Nearly 33% of healthcare personnel reported trouble with their voice during the last month, which is higher than the prevalence of voice disorders in the general population reported in the literature. Bhattacharyya reported a 7.6% prevalence of voice problems in adult population surveyed in the United States. Another epidemiologic telephone‐survey study conducted by Roy et al. in 2005 reported that almost 30% of the adult population in Utah has experienced a voice disorder during their lifetime, and nearly 7% reported a current voice problem. Smith et al. compared the frequency of reported voice symptoms in teachers to a control group, showing that teachers were more likely to report having voice problems (15% vs. 6% in the control group). This results are similar to those published by Roy et al. in 2004, reporting a prevalence of current voice problems in teachers of 11%, versus a 6.2% in nonteachers. There are no published data on prevalence of reported voice disorders in the general adult population in Chile, and there are no reports of the prevalence of voice disorders in healthcare workers in the literature.

According to the VHI‐10, there is a 26.24% prevalence of voice disorders in our population of healthcare workers. This result is comparable to other studies evaluating occupational voice users with VHI‐10, like US 911 emergency telecommunicators (24.64%), French tour guides (21.29%), and Brazilian teachers (21.30%). Our study was conducted in the middle of the COVID‐19 outbreak in Chile under national universal masking regulations, so we could not establish a control group of healthcare workers who did not use PPE. In the absence of a control group in our study, we compared our results with the control group used in the Spanish validation of VHI‐10 questionnaire study, reporting a mean VHI‐10 of 2.2 (SD 2.6), which is 5.72 points lower than the mean VHI‐10 reported in our study (95% CI 3.45–7.98; P < .001). Besides, the vast majority of participants who reported trouble with their voice during the last month, or had an abnormal VHI‐10 score, did not have a previous vocal diagnosis or recalled having trouble with their voice the same period last year, suggesting de novo PPE‐associated vocal disorders in this population.
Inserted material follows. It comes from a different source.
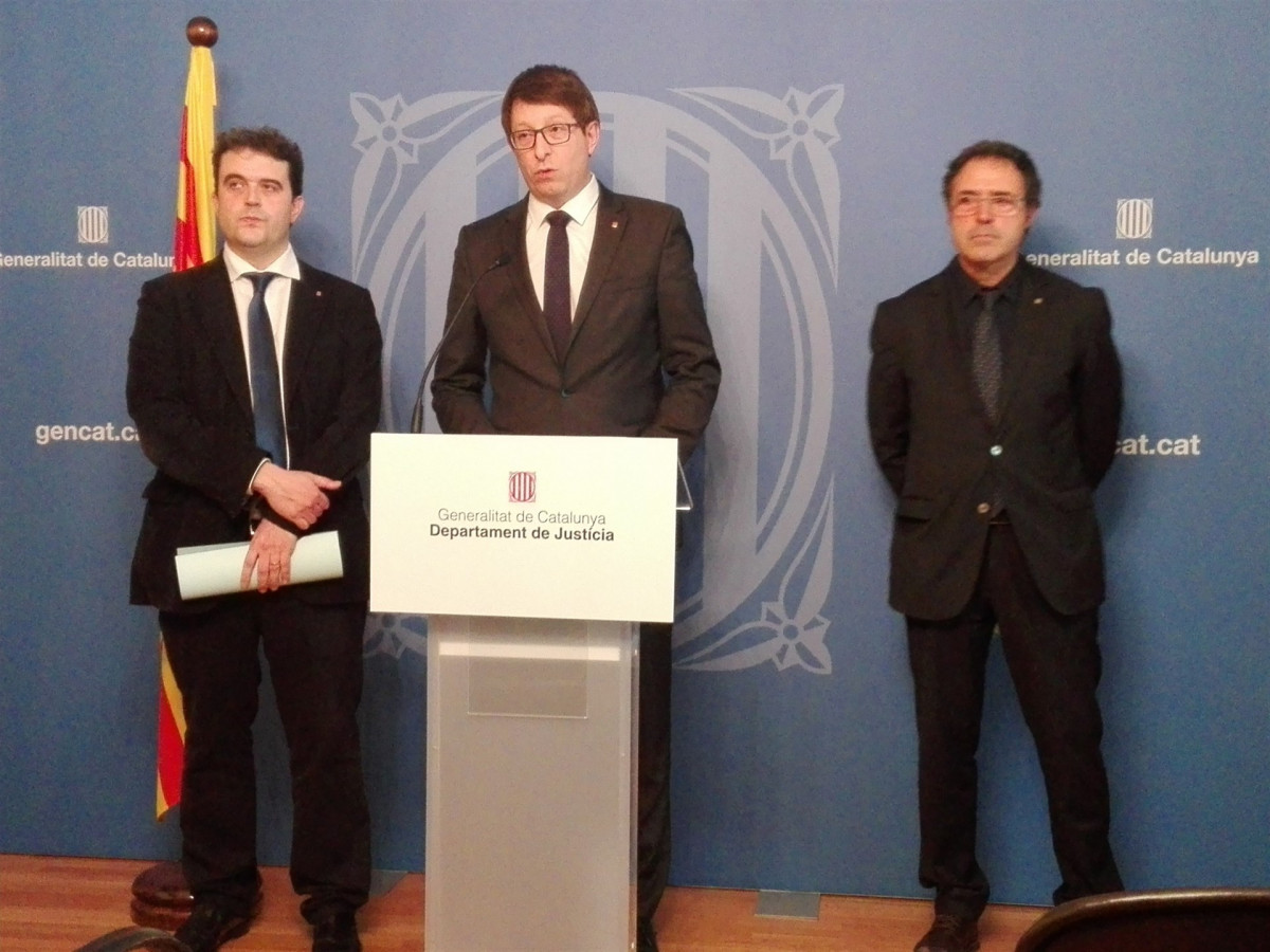 Pere Lluís Huguet, expresidente del Consejo de la Abogacía Catalana; Eloy Moreno, de la sección de derecho procesal del Colegio de la Abogacía de Barcelona (Icab) y el abogado Manuel Piñol han sido los encargados de entregarle el documento a Mundó en la Conselleria, y le han dicho que no defienden una posición partidista sino unos principios en los que coinciden todos los firmantes.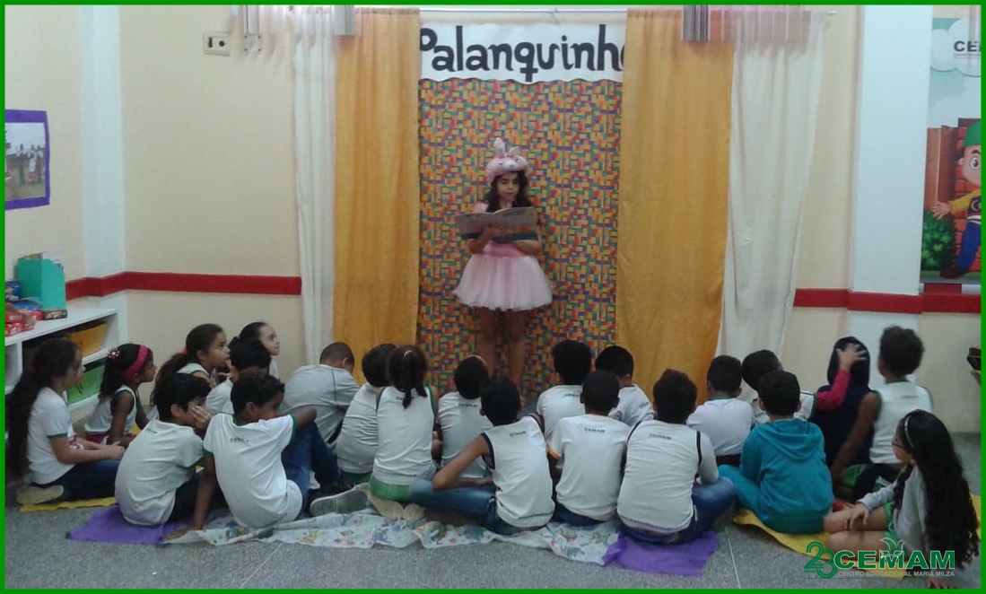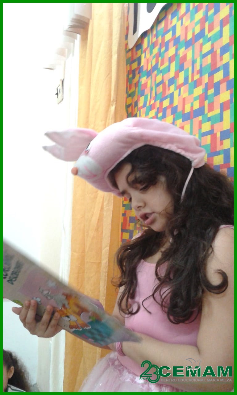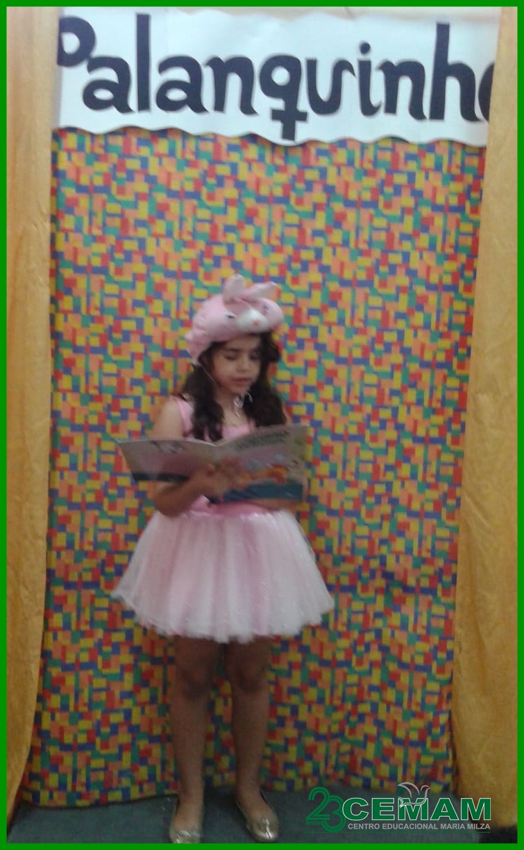 A estudante Kamilla se vestiu de Dona Coelha, para nos contar a história de Maneco, seu filho coelho muito desobediente.

These results tend toward our hypothesis that healthcare workers of high‐risk hospital care units with prolonged used of PPE have a higher risk of suffering from voice disorders than the general population, and are comparable to other occupational voice users. This observation is consistent with the main vocal symptoms reported by participants being related to vocal fatigue and vocal effort, and in the VHI‐10 questionnaire the statements with the higher scores being “People have difficulty understanding me in a noisy room” and “My voice makes it difficult for people to hear me,” both functional domains.

Risk Factors

The number of working hours, the hours of mask daily use and simultaneous mask use were independent variables significantly associated with higher VHI‐10 overall and over the cut‐off scores, and thus on patients' vocal handicap perception. These findings are in agreement with a dose–response voice handicap associated with face mask use in this population, which supports our hypothesis of an occupational health risk of vocal disorders.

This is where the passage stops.